Milk Jug Decorative Window Crafts

Milk Jug Decorative Window Crafts

We're always looking for cheap or? better yet? free materials to craft with here, so we've played around with crafting all sorts of things out of those big plastic gallon milk jugs over the last couple of years. The type of plastic they are made from is pretty versatile as far as crafting goes. You can cut it easily with scissors, use hole punches on it, stick it with hot glue and best of all you can draw on it with permanent markers with great results due to it being semi-opaque and mildly textured on one side.

Prepare the plastic by washing out a couple of empty milk jugs like these. Then use a sturdy pair of scissors to cut out any flat side panels from the milk jug plastic. I wasn't careful about the shapes I was cutting out. I just wanted to get as much area out of each jug as I could for them to draw on. All the left over bits just went right back in the recycling bin where the jugs had come from in the first place. If you have really little kids then you could cut them simple shapes to scribble colors on like hearts or flowers or circles etc., or even the letters of their name. My two girls are five and six years old, so they were fine to draw their own pictures and cut out their own shapes. Just make sure that you draw on the mildly textured side of the plastic (the outer side of the milk jug) as this will hold the colors better than the smooth side. The other great thing about this plastic is that it is transparent enough that you can trace pictures through it, so my two had fun tracing their favorite cartoon characters from the fronts of their books.

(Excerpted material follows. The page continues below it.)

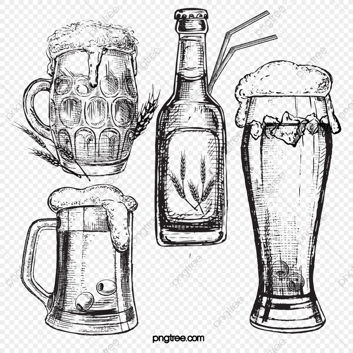 ![Кружка пива черно белая]()
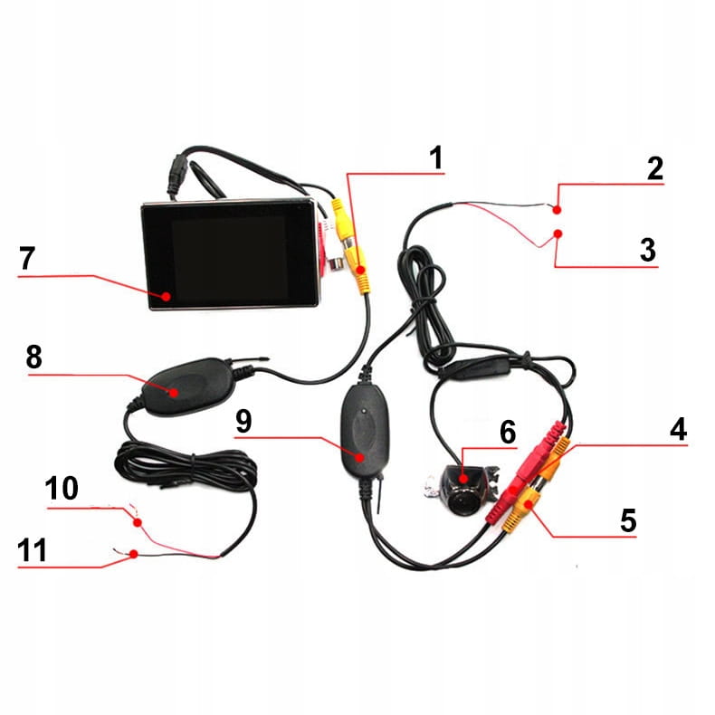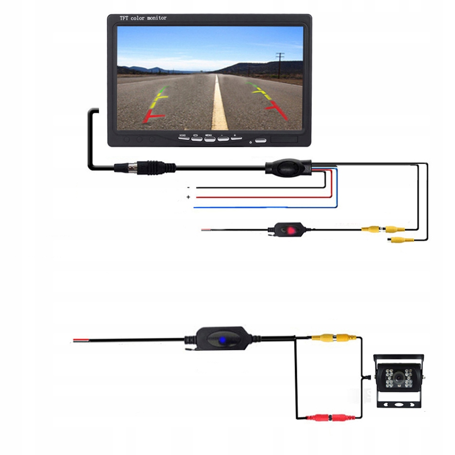 - Rodzaj wtyków do przesyłania obrazu: RCA (cinch) + dodatkowe złącze zasilające monitor

My five year old did a lovely large wild flower panel on one of the irregular shaped large side pieces that I had cut from one of the milk jugs, and my six year old made a collection of candies and treats that reminded me a lot of the illustrations from "The Very Hungry Caterpillar". Once they had drawn the things they wanted, they cut them out using kid's safety scissors and hole punched a little hole to hang them from. We hung them in the window for the light to shine through like little stained glass decorations using teeny suction cups from the Dollar Tree.

Milk Jug Butterflies. As well as our window decorations we also made some hanging butterflies with more of the milk jug plastic and some beads and pipe cleaners. These were to hang on a mobile for our baby that has since just arrived, but you could hang them anywhere. Again, if you have younger kids, you could just cut out a butterfly shape and let them scribble their colors all over, or if you have older kids then they might prefer to draw their own butterflies or trace a more anatomically accurate butterfly to color.

I printed out butterflies, cut them out and taped them to another piece of paper with a piece of milk jug plastic taped over the top, with the slightly textured side face up. I did this to make everything stay in place for the kids to color. Then when they were done I drew the intricate black details with a fine line permanent marker for them. Older kids would be able to do this part themselves though. Then we pulled the colored butterflies off the paper they were taped to and cut them out with scissors. We also gave them a little fold in the middle to make the wings crease upwards a bit. All you need for the body are a few random beads and a pipe cleaner that has been bent in half. Twist the bent end of the pipe cleaner and thread on a couple of the beads to one side to make the butterfly abdomen and thorax, then put your plastic milk jug wings in between the two bits of pipe cleaner and twist them together to keep the wings in place above the beaded body. Lastly you just need to thread both pipe cleaner ends through the bead that you have chosen for the head and then trim the ends to be the right length for antennae and curl them with your fingers. Make as many as you like and use the bare length of pipe cleaner on the opposite side of the wings to the beaded body to tie some string and hang your butterflies.

There are so many things you could use this type of plastic for. Hopefully these two projects will serve as inspiration for many more ideas and lots more decorative fun!